Identification of transcription start sites for nanI and nanJ by primer extension experiments

To identify the promoters of nanI and nanJ, primer extension analysis was done with RNA extracted from strain 13 growing with or without Neu5Ac as a carbon source. We identified three 5’ transcription start sites that may represent promoters in the region upstream of the nanI gene (Fig 5A). The 5’-ends were located 66, 163, and 308 bp upstream of the start of the nanI coding sequence. In addition, all of these transcripts were induced by the presence of Neu5Ac in the growth medium (Fig 5A), suggesting that Neu5Ac acts as an inducer or derepressor of nanI transcription.
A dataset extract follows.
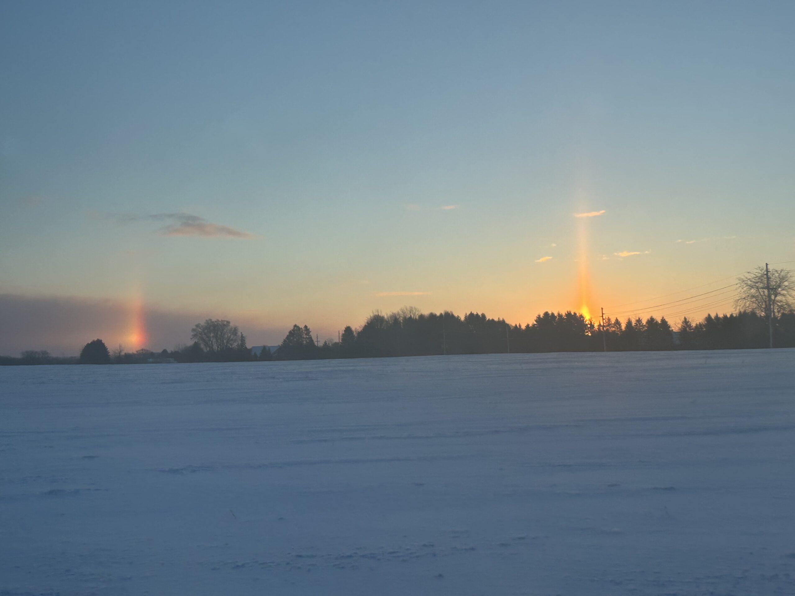Ok, is there really such a word? The answer is yes! It happens when the rising sun shines off snow crystals in the air. The above image shows the rising sun on the right and snow crystals revealing an orange and red stream of color. The vertical bands of color are straight up and down, unlike the normal arc curve of a typical rainbow. There was another upward band to the right of the sun … off camera.

Fig 5. Identification of transcription starts sites upstream of nanI and nanJ.

Fig 5

(A). Primer extension results on RNA isolated from C. perfringens strain 13 using a primer specific for nanI mRNA. The cells were grown on PY (-) or PY plus 1 mg/ml Neu5Ac (+). The GATC lanes show the results of sequencing using the same primer used for the primer extension experiments. The arrows labeled P1, P2, and P3 indicate the position of the putative start sites. The location of P1, P2, P3 and conserved 14 bp elements are shown in the nanI promoter sequence. (B). Primer extension results for nanJ from C. perfringens strain 13. The graph shows peak fluorescence of the 5’- 6 FAM labeled RT-PCR product for nanJ. Numbers below each peak indicate the length of the product and the peaks on the bottom line show the location of size standards used to estimate the length of the transcripts. The cells were grown on PY (-SA) or PY plus 1 mg/ml Neu5Ac (+SA). The location of P1, P2 and a conserved 14 bp element are shown in the nanJ promoter sequence.
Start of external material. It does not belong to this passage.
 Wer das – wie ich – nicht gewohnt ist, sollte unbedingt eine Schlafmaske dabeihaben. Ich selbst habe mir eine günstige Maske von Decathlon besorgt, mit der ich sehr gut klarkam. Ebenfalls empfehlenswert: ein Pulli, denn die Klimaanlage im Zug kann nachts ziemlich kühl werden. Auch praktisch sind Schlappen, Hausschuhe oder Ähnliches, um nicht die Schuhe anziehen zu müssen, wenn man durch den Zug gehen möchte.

For nanJ, detection of transcripts labeled with the 6-FAM fluorescently tagged primer yielded two peaks, indicating transcripts of 117-bp and 177-bp in length (Fig 5B). These two products indicated that nanJ may have two promoters with transcription start sites located 86-bp upstream (P1) and 146-bp upstream (P2) of the nanJ start codon (Fig 5B). In contrast to nanI, the levels of nanJ transcript did not change in the presence of Neu5Ac in the growth medium, as seen in the peak areas of the respective transcripts (Fig 5B).
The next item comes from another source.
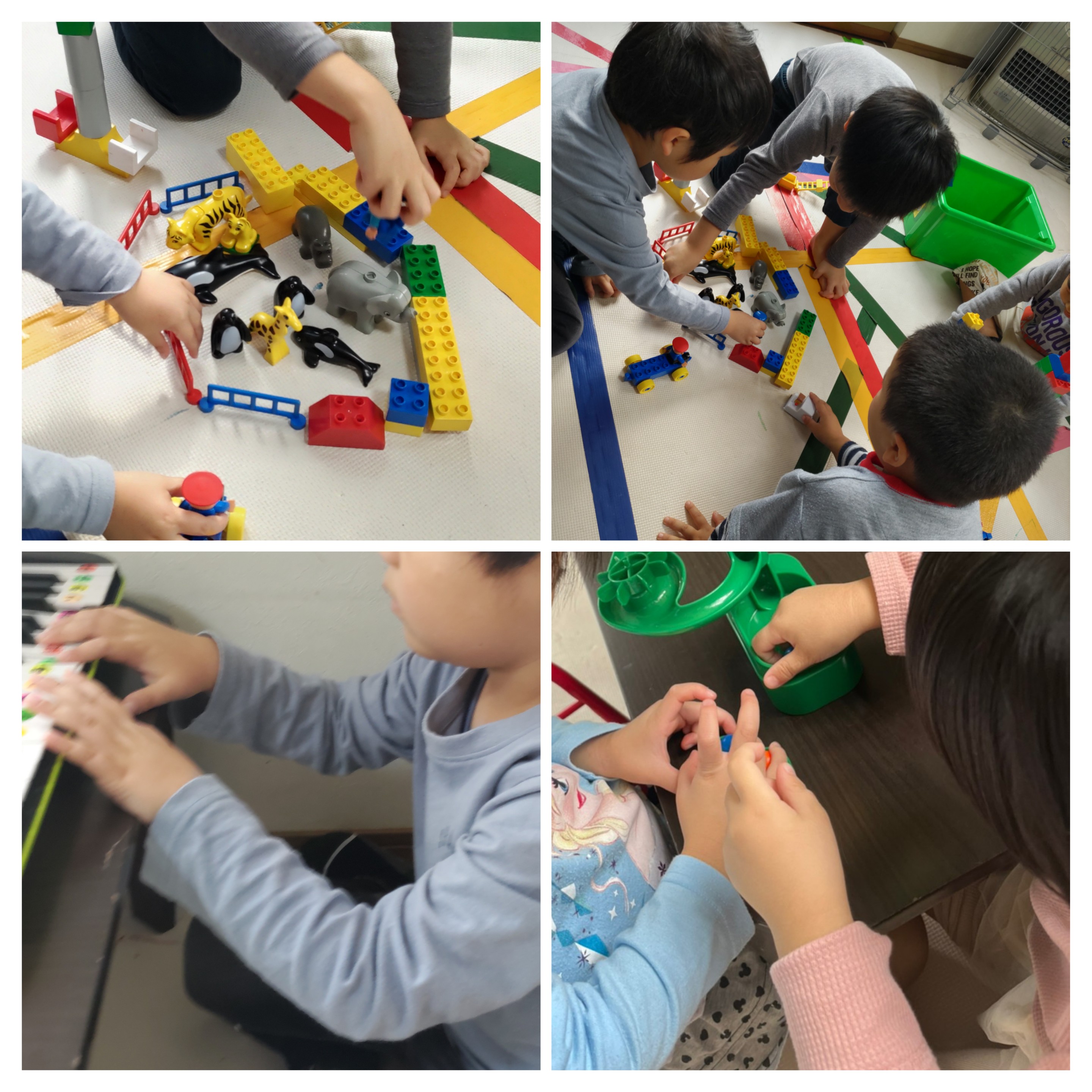 ミニキーボードや、くみくみスロープ、ブロック、お絵描きなど楽しむ姿が沢山\(ϋ)/♩

NanR binds specifically to the nanE and nanI promoter regions

Gel mobility shift experiments with fragments containing the nanI and nanE promoter regions indicated that NanR bound with nM-range affinity to these regions (Fig 6A and 6B, left panels). Competition experiments showed that NanR binding to both promoters could be reduced using specific unlabeled DNA (Fig 6A and 6B, right panels), indicating that binding was specific for the nanI and nanE promoter DNA.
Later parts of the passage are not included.